In this image from video issued by Buckingham Palace on Sunday, April 10, 2022, Britain's Queen Elizabeth II speaks to Dr. Marie Healey, divisional director for surgery and critical care; Mr. Asef and Mrs. Shamina Hussain and Jackie Sullivan during a video link call and virtual visit to the Royal London Hospital on Wednesday April 6, 2022, to mark the official opening of the hospital's Queen Elizabeth Unit. (Buckingham Palace via AP) Photo Gallery

LONDON — Queen Elizabeth II, after her own recent bout with COVID-19, empathized with patients, doctors and nurses at a London hospital last week as she listened to their stories about life on the front lines of the pandemic.

The monarch spoke to patients and staff at the Royal London Hospital during a virtual visit that marked the official dedication of the Queen Elizabeth Unit, a 155-bed critical care facility built in just five weeks at the height of the pandemic. Elizabeth tested positive for COVID-19 in February and suffered what Buckingham Palace described as “mild cold-like symptoms.’’

“It does leave one very tired and exhausted, doesn’t it?’’ she told recovering COVID-19 patient Asef Hussain and his wife, Shamina. “This horrible pandemic.”
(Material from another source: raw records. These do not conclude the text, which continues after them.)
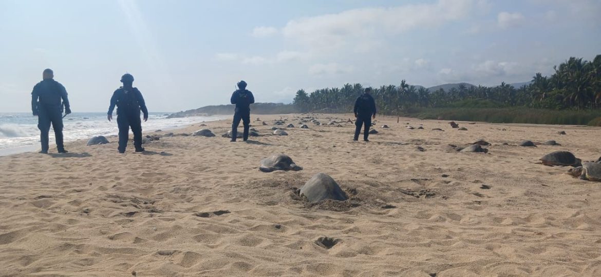 Agentes de la Secretaría de Seguridad Pública (SSP) vigilan el arribo de tortugas marinas en las playas de Aquila, una especie catalogada en peligro de extinción.
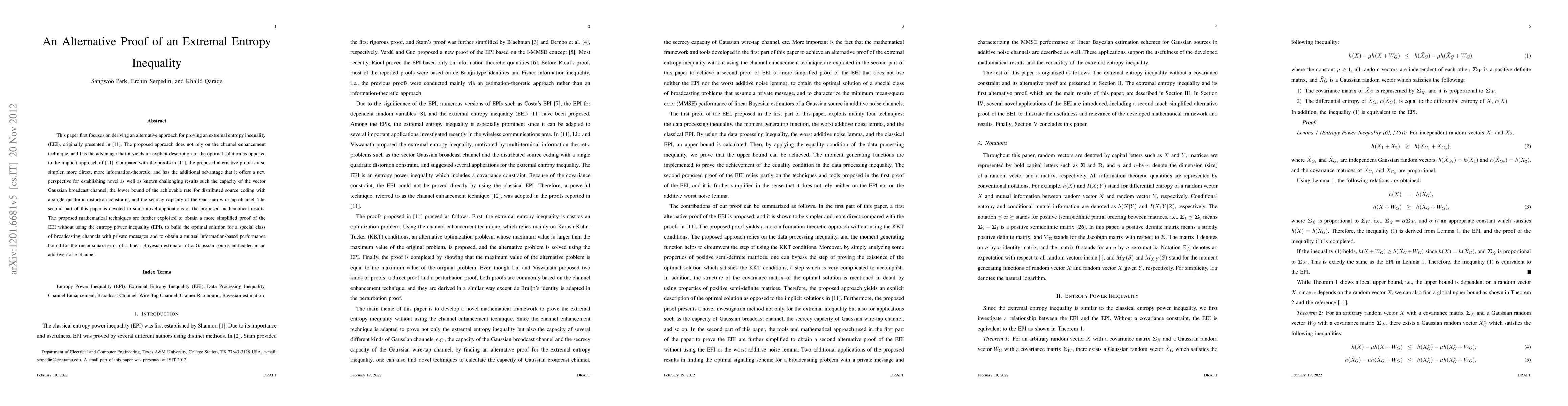 This paper presents an alternative, simpler proof for an extremal entropy inequality, providing an explicit optimal solution description. It also applies these techniques to simplify proofs for channel capacities, distributed source coding, and secrecy capacity, while deriving bounds for linear estimation in noise.
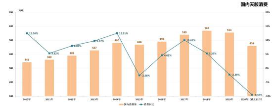 2019年是自ANRPC统计成员国天胶消费以来,国内天胶消费除了2015年之外,第二个出现同比下降的年份,2019年国内天胶消费没有继续连年创高,而是出现小幅同比回落,但依然达到554万吨,同比2018年的567万吨,下降2.3%,2020年前11个月国内累计天胶消费459万吨,相比2019年同期的507万吨,降幅9.5%,降幅偏大,预计2020年总体消费或将勉强达到500万吨水平,降幅10%左右。
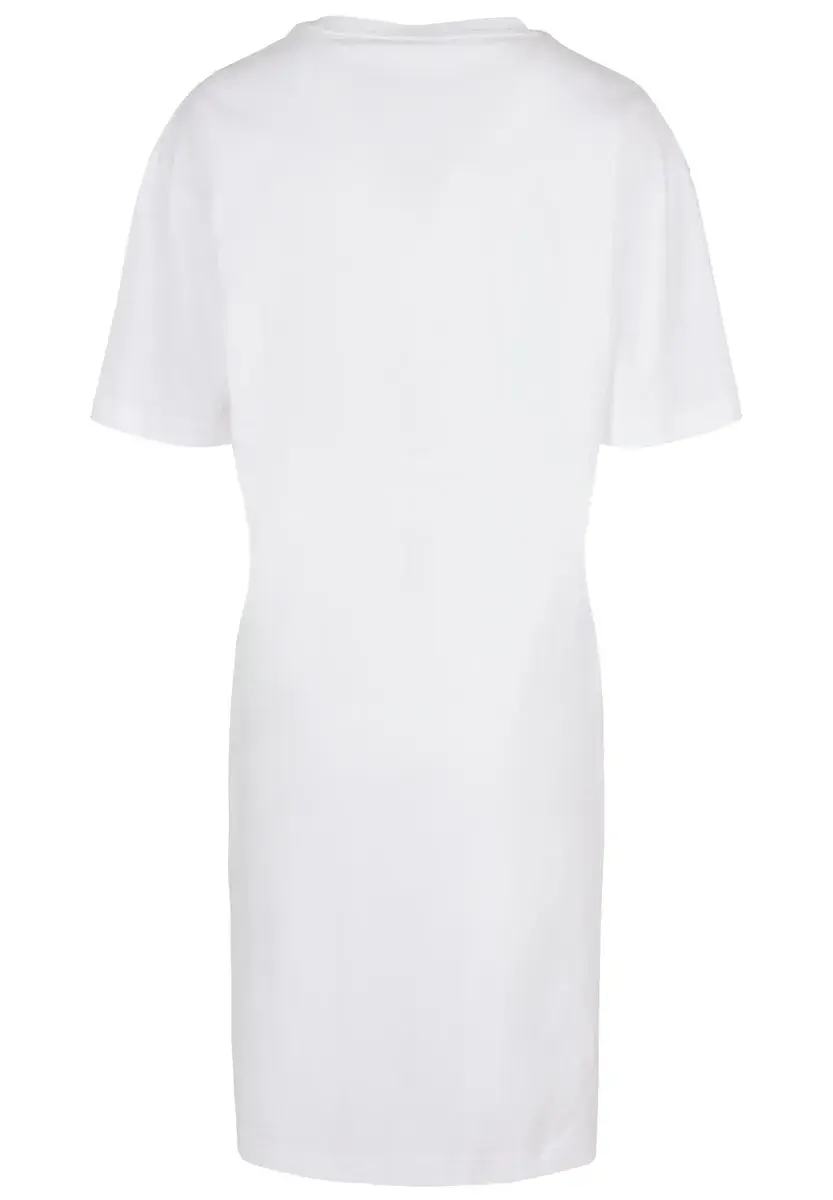 Городской образ с дополнительной долей непринужденности – женское платье прямого кроя модного кроя оверсайз. Часть верхней части тела очень напоминает свободную футболку, но от бедра платье имеет разрез справа, так что оно не только удобно в ношении, но и подчеркивает ноги. Разделительный шов находится на талии, а плечи перекрываются.
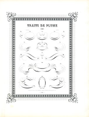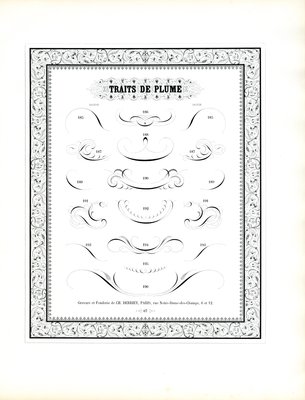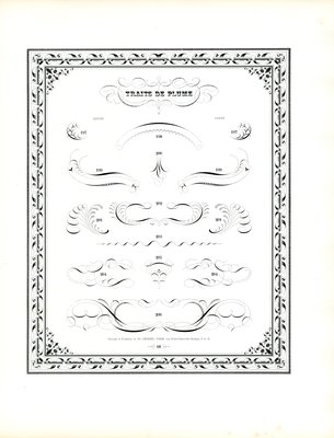 Kalligraphische Federverzierungen mit floralem Rahmen(Calligraphic Pen Flourishes with Floral Border (print))Charles Derriey |
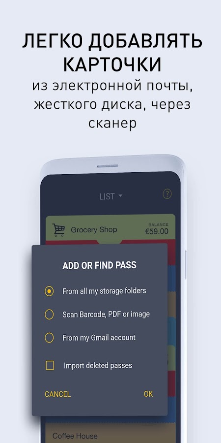 — добавлять карточки из Почтового клиента, из сохраненных на вашем устройстве Файлов или путем сканирования Штрих-кода. (иконка ПЛЮС)
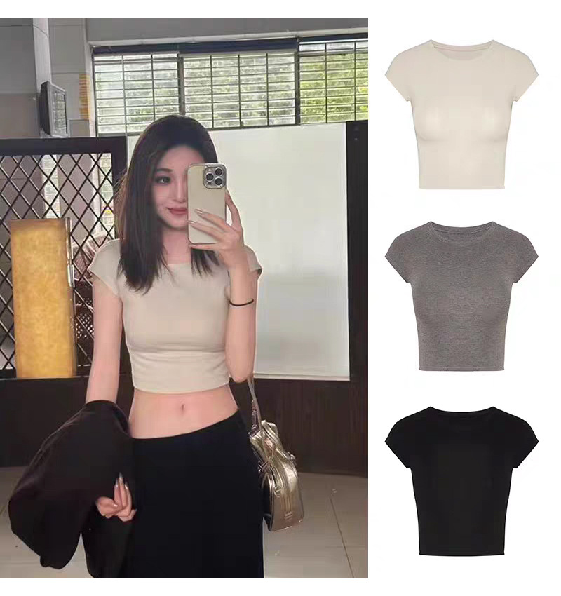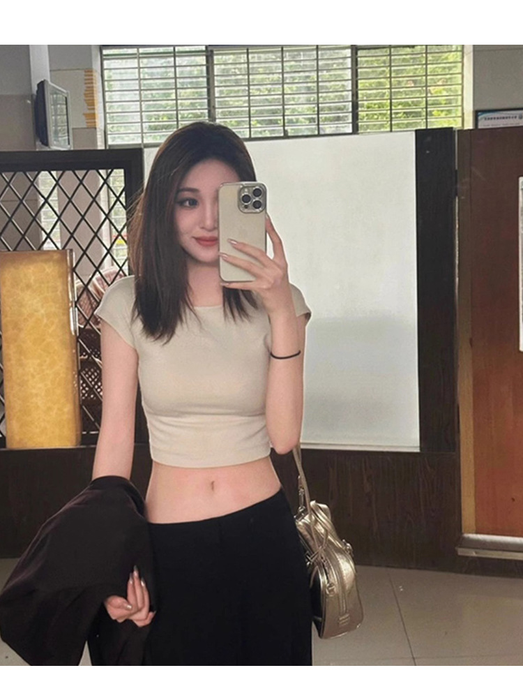 미국 스타일 핫걸 타이트 반팔 티셔츠 여성용 2026 여름 신상 순수하고 섹시한 스윗 앤 스파이시 숄더탑 인스타그램 도매스토어 가기
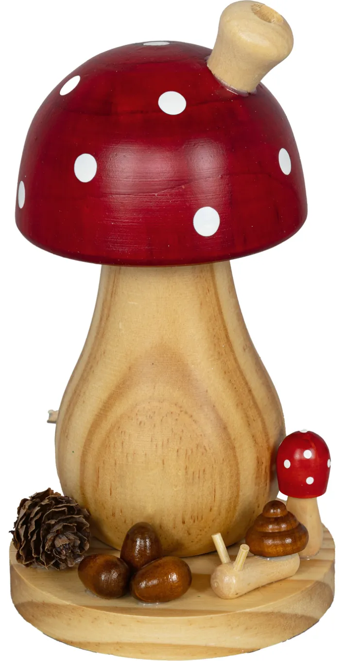 Dieses Deko Objekt aus Holz stellt einen detailreich gestalteten Pilz dar. Der große Pilzhut ist kräftig rot lackiert und mit weißen Punkten versehen, was an einen Fliegenpilz erinnert. Der Stamm sowie die Basis sind naturbelassen und zeigen eine sichtbare, glatte Holzmaserung. Auf der runden Holzplatte befinden sich zusätzlich weitere kleine Dekoelemente wie eine Schnecke, ein kleiner Pilz, Eicheln und ein Zapfen, die das natürliche Erscheinungsbild unterstreichen. Die Maße betragen 17 cm in der Tiefe, 9 cm in der Breite und 9 cm in der Höhe. Das Objekt eignet sich ausschließlich für den Innenbereich und ist als dekoratives Element konzipiert.
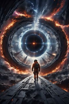 ((masterpiece)), ((best quality)), 8k, high detailed, ultra-detailed,(a person) traveling through a black hole, (time and space) intertwining, (cinematic lighting), (wide-angle lens), high octane, HD, (movie poster style).

The unit has treated about 800 coronavirus patients from across northeast London, with staff recruited from throughout the region, including retired doctors and nurses and even soldiers drafted in to help.

With friends and family members barred from the hospital by strict virus-control measures, nurses did their best to comfort seriously ill patients, senior nurse Mireia López Rey Ferrer told Elizabeth.

“As nurses, we made sure that they were not alone,’’ López Rey said. “We held their hands, we wiped their tears and we provided comfort. It felt at times that we were running a marathon with no finish line.”

Hussain was the third member of his family hospitalized with COVID-19 at the end of December 2020. His brother died first, then his father passed away while Hussain was on a ventilator.

“I remember waking up one morning and just finding it really, really difficult to breathe,’’ he said. “I remember waking my wife saying that I feel like there’s no oxygen in the room. I remember me sticking my head out the window, just trying to breathe, trying to get that extra oxygen.”

He was on a ventilator for seven weeks and only recently was able to stop using a wheelchair.

Nurses helped lift Hussain’s spirits by arranging video calls on a tablet computer. Shamina Hussain told the queen that 500 friends and family around the world dialed in to one conference call to pray for her husband.

“So you have a large family, or a large influence on people,” the queen quipped.

The couple smiled.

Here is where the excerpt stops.